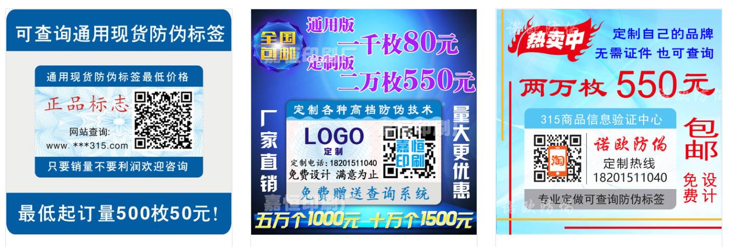 记者在某网购平台输入关键词“二维码防伪”,能搜到近千个相关结果。记者以买家身份与其中几家电商联系,他们表示,除了二维码防伪标识之外,还提供“激光镭射防伪”“温变火烤防伪”“滴水消失防伪”“荧光防伪”等多种市场上较流行的防伪技术服务,并有电话、微信、网络、二维码等多种查询方式。
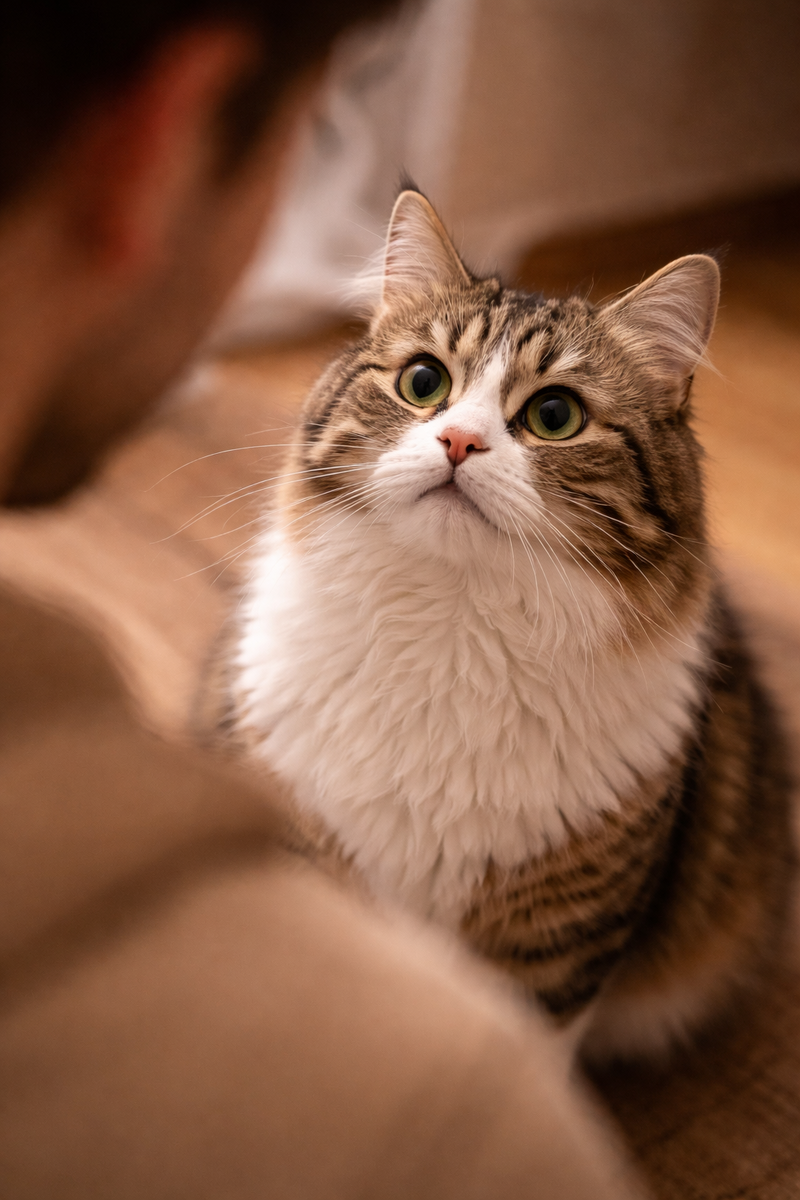 Кошка сидит напротив. Смотрит прямо в глаза. Не отводит взгляд. Почти не моргает. И в какой-то момент становится немного не по себе. Как будто она не просто смотрит - а что-то "считывает". И возникает вопрос: Это нормально или она что-то имеет в виду? Взгляд, который сложно игнорировать Иногда он долгий. Неподвижный. Почти "проникающий". Кажется, будто кошка оценивает вас. И это ощущение не случайно. Прямой взгляд - это сигнал Но его смысл зависит от контекста. Один и тот же взгляд может означать разное. И важно не только куда она смотрит, но и как именно. Причина №1 - наблюдение и концентрация Кошки постоянно анализируют окружающее. Они следят за: движениями жестами реакциями В этот момент кошка просто "считывает" вас. Это нормальное поведение хищника. Причина №2 - ожидание Очень часто кошка смотрит, когда ждёт. Например: еду внимание игру какое-то действие Этот взгляд можно перевести так: "Я жду. Сделай что-нибудь". Причина №3 - настороженность Иногда взгляд становится жёстким. Есл
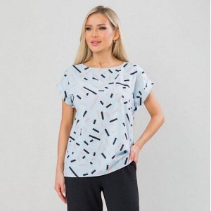 Комфортная блуза прямого силуэта из трикотажного полотна. Расцветка белый горох на голубом. Горлови…
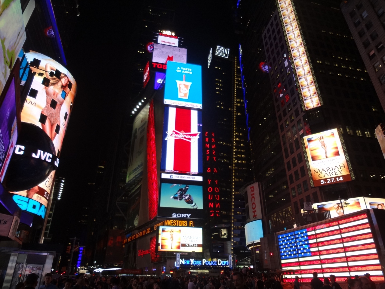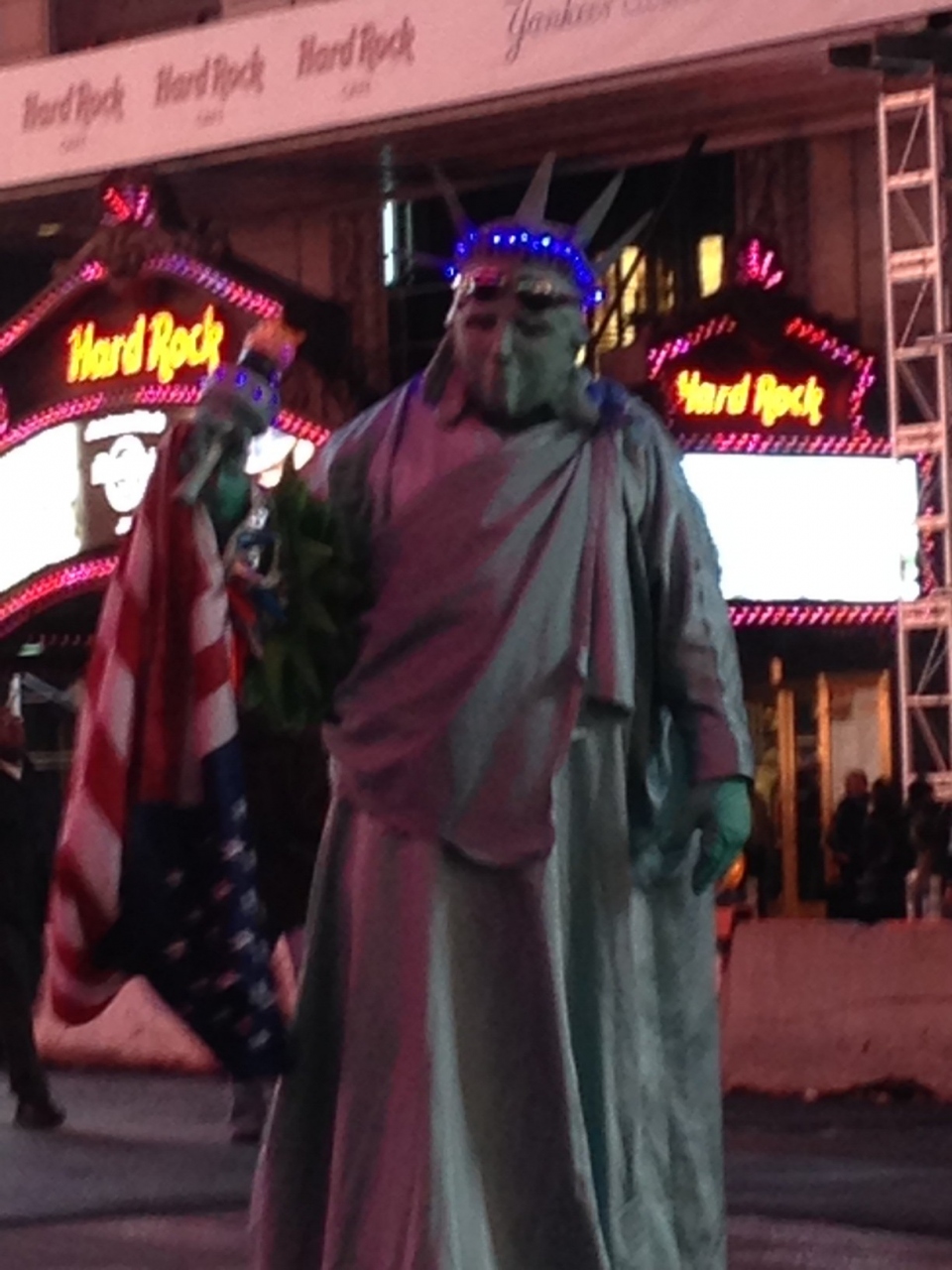 何時に行っても人が多いタイムズ・スクエアはニューヨーク観光の中心だと思います。各建物は24時間照明を消してはならない条例があるとのことで、夜10時過ぎでも、ガイドブックが楽に読めるほど明るく、治安の心配はありませんでした。 あちこちに自由の女神、スパイダーマン、戦隊ヒーロー、スポンジボブ、その他ゆるキャラがおり、写真に入ってチップをねだっていました。 晴れた昼間の44丁目付近では有名なネイキッド・カウボーイの黒人版と老婆版(上半身裸でした...)がおり、特に後者は見ない方が良かったとちょっと焦りました。
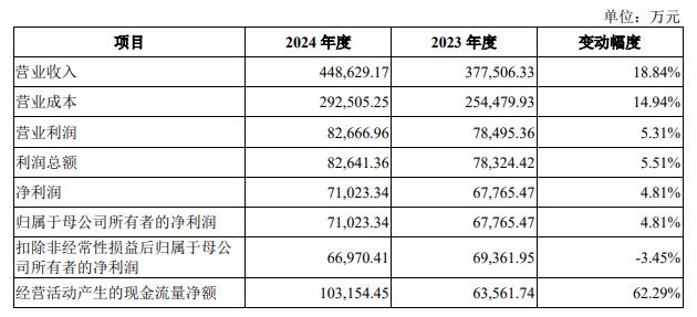 2024年,汉朔科技实现营业收入448,629.17万元,同比增长18.84%;司归属于母公司所有者的净利润为71,023.34万元,同比增长4.81%;扣除非经常性损益后归属于母公司所有者的净利润66,970.41万元,同比减少3.45%;经营活动产生的现金流量净额103,154.45万元,同比增长62.29%。
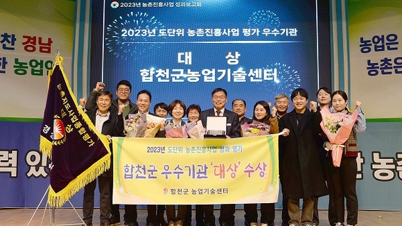 합천군은 지난 15일 경남도에서 주관한 올해 농촌진흥사업 평가에서 도단위 최우수기관(대상)으로 선정돼 도지사 표창패와 대상기를 전수 받았다.
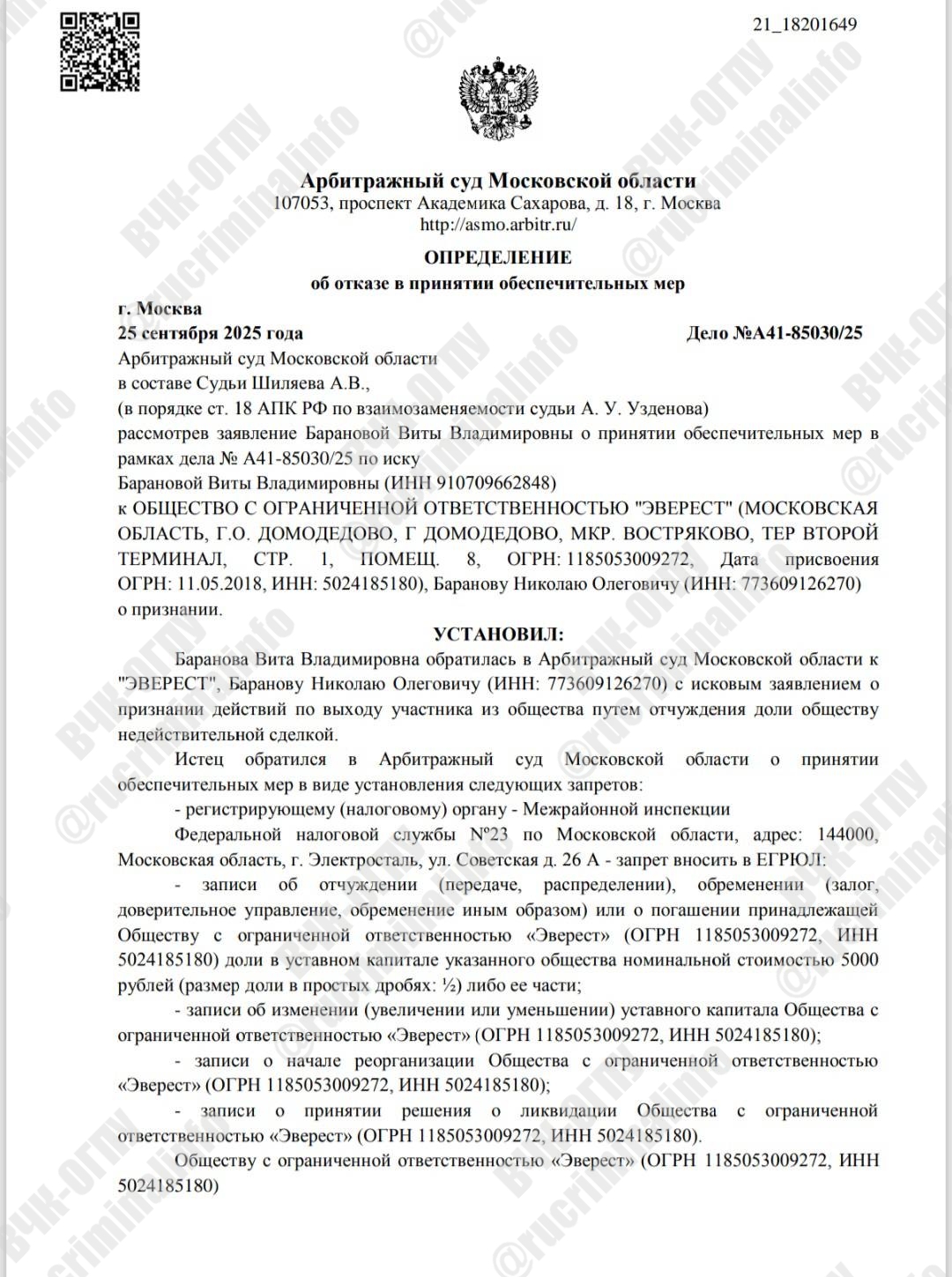Как стало известно телеграм-каналу ВЧК-ОГПУ и Rucriminal.info, из-за начавшихся проблем теневой банкир Николай Баранов (банк Славия) и его супруга Вита Баранова начали фиктивный раздел имущества. Как говорится, хитрая схема. Указанные в документах Арбитражного суда Московской области и других судов компании "Эверест" и "Стратегия", как и ряд других компаний Баранова и его старшего товарища по бизнесу по отмыванию средств Асада Аехдиева, активно участвуют в различных обнально-конвертных и контрабандных схемах. По словам источника, Николай и Вита Барановы живут в дорогостоящем ЖК "Жизнь на Плющихе", который строил "Донстрой" (Баранов на прямом общении с руководством "Донстроя" и обслуживает холдинг с его аффилированными компаниями по теме решалова в налоговой). Стоимость квартир в указанном ЖК начинается от 170 млн. рублей. Квартира Баранова с эксклюзивным ремонтом стоит более 700 млн. рубл. Мехдиев живёт в самом дорогом поселке на Рублево-Успенском шоссе - "Речной" (Барвиха). Дом у него, стоимость которого с земельным участком превышает 4 млрд рублей. Это к вопросу как в России живут и зарабатывают обнальщики, решалы и контрабандисты. Также у Мехдиева и Баранова множество недвижимости в Дубае. Туда также они выводят свои капиталы, нажитые преступным путем. Важно понимать, что Мехдиев и Баранов не только генералу ФСБ Ивану Ткачеву платят за "крышу", но и в другие подразделения ФСБ - в УСБ и УФСБ по Москве и Московской области. За счет того что они платят в ФСБ и МВД, они и чувствуют себя неприкасаемыми. Но сколько веревочке не виться конец всё равно будет. Также Баранов всем хвастается, что играет в настольный теннис с главой СВР Сергеем Нарышкиным и может с последним решить любой вопрос. Разумеется, не за бесплатно.
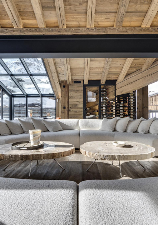 The impressive living area occupies the top floor, where floor-to-ceiling windows frame panoramic views of the surrounding peaks. Exposed beams accentuate the dramatic roofline, while curved sofas gathered around the fireplace create a cosy space to unwind.
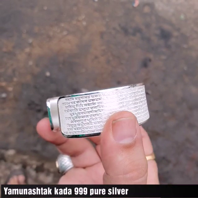 •  Handmade ENTIRE YAMUNASTHAK WRITTEN KADA Gross weight: 100grams | Purity : 99% | Length : 8.5cm. | Width : 25mm
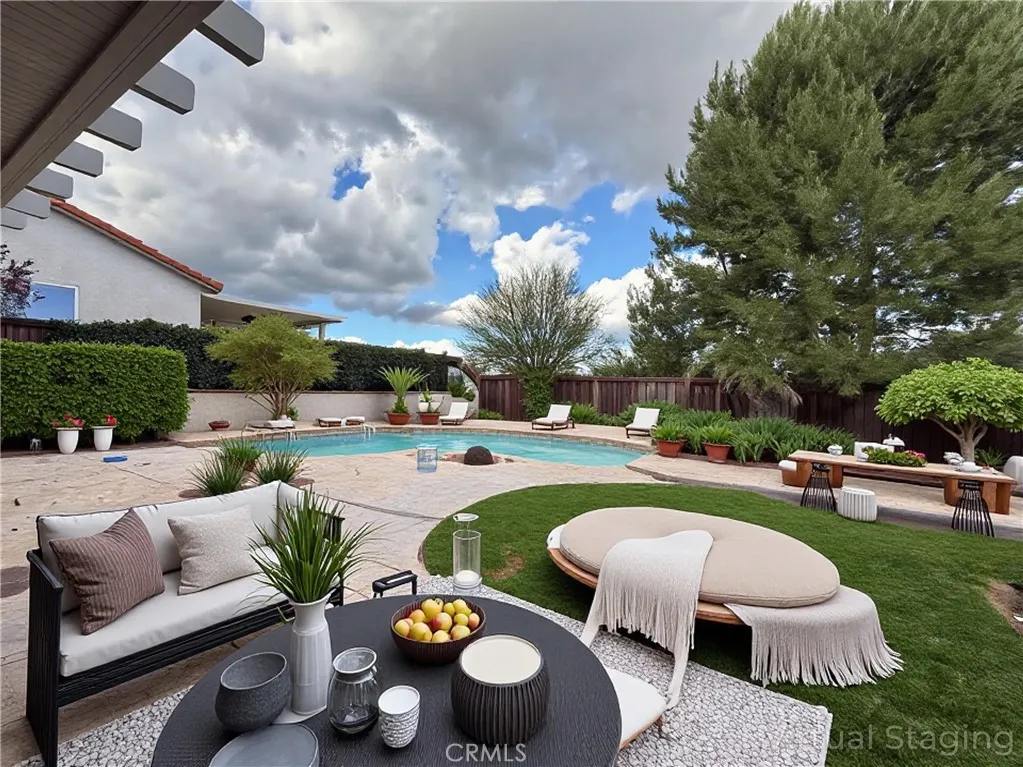 Welcome Home to 35430 Azalea Circle the Lucky One Youve Been Waiting For! Nestled on a peaceful cul-de-sac in the heart of Winchester, this stunning Transitional-style residence offers the perfect blend of comfort, elegance, and modern living. Step through the double-door entry into soaring vaulted ceilings that grace the formal living and dining rooms. Engineered hardwood floors, plantation shutters, and abundant natural light create a warm and welcoming atmosphere throughout. This spacious 4-bedroom, 3-bathroom home of thoughtfully designed living space. The luxurious primary suite includes a private retreatideal for a home office, gym, or libraryalong with a spa-like bath featuring a walk-in shower, separate soaking tub, dual sinks, and a generous walk-in closet. Down the hall are three additional bedrooms, a full bath, and a tech nook perfect for study or workspace. The open-concept kitchen is a true centerpiece, showcasing elegant white shaker cabinets, gleaming granite countertops, stainless steel appliances, a barn sink, recessed lighting, and a sliding door that opens to the backyard. The kitchen flows seamlessly into the large family room with a cozy fireplace and granite mantelperfect for everyday living and entertaining. Step outside to your own private oasis! The expansive backyard is designed for year-round enjoyment with a sparkling pool and spa, fire pit, paved seating area, and plenty of room for BBQs and gatherings. Additional highlights include solar panels, a whole house fan, dual AC units, and ceiling fans throughout. Located with LOW taxes and HOA, and
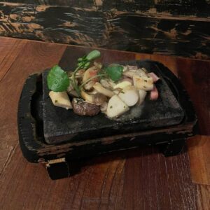 ジューシーなベーコンの旨みとエリンギのシャキッとした食感に、香ばしいガーリックバターがからんでやみつきのひと皿です。アツアツの鉄板の上に乗せてご提供致しますので、臨場感がある1品となっております。
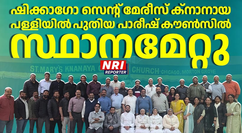 ഷിക്കാഗോ സെന്റ് മേരീസ് ക്നാനായ കത്തോലിക്കാ ദേവാലയത്തിൽ 2026-27 വർഷത്തേക്കുള്ള പുതിയ പാരീഷ് കൗൺസിൽ സ്ഥാനമേറ്റു. ഇതോടനുബന്ധിച്ചു സ്ഥാനമൊഴിയുന്ന 2024-25 വർഷത്തെ പാരീഷ് കൌൺസിൽ അംഗങ്ങളുടെയും 2026-27 വർഷത്തെ പാരീഷ് കൌൺസിൽ അംഗങ്ങളുടെയും ഒരു സംയുക്ത യോഗം ഫെബ്രുവരി മൂന്നാം തീയതി ചേരുകയുണ്ടായി.
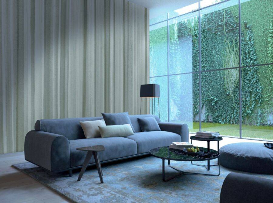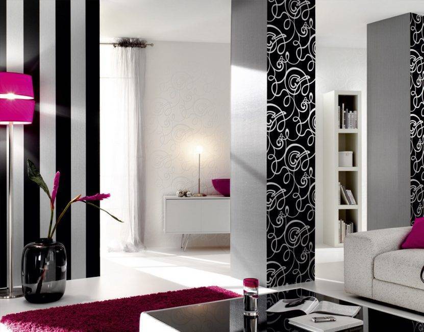Хорошо сочетаются однотонные и с рисунком в виде широких или узких полос. Такой декор визуально увеличивает высоту потолка и создает эффект более просторного помещения.
──────────────────────────────
▶ **GOAL OF THE EXERCISE**
Using the data above, transcribe exactly the lines between those containing "Комфортная блуза прямого" and "합천군은 지난 15일", inclusive, and leave every picture behind.

▶ **ANSWER BELOW**
 Комфортная блуза прямого силуэта из трикотажного полотна. Расцветка белый горох на голубом. Горлови…
 何時に行っても人が多いタイムズ・スクエアはニューヨーク観光の中心だと思います。各建物は24時間照明を消してはならない条例があるとのことで、夜10時過ぎでも、ガイドブックが楽に読めるほど明るく、治安の心配はありませんでした。 あちこちに自由の女神、スパイダーマン、戦隊ヒーロー、スポンジボブ、その他ゆるキャラがおり、写真に入ってチップをねだっていました。 晴れた昼間の44丁目付近では有名なネイキッド・カウボーイの黒人版と老婆版(上半身裸でした...)がおり、特に後者は見ない方が良かったとちょっと焦りました。
 2024年,汉朔科技实现营业收入448,629.17万元,同比增长18.84%;司归属于母公司所有者的净利润为71,023.34万元,同比增长4.81%;扣除非经常性损益后归属于母公司所有者的净利润66,970.41万元,同比减少3.45%;经营活动产生的现金流量净额103,154.45万元,同比增长62.29%。
 합천군은 지난 15일 경남도에서 주관한 올해 농촌진흥사업 평가에서 도단위 최우수기관(대상)으로 선정돼 도지사 표창패와 대상기를 전수 받았다.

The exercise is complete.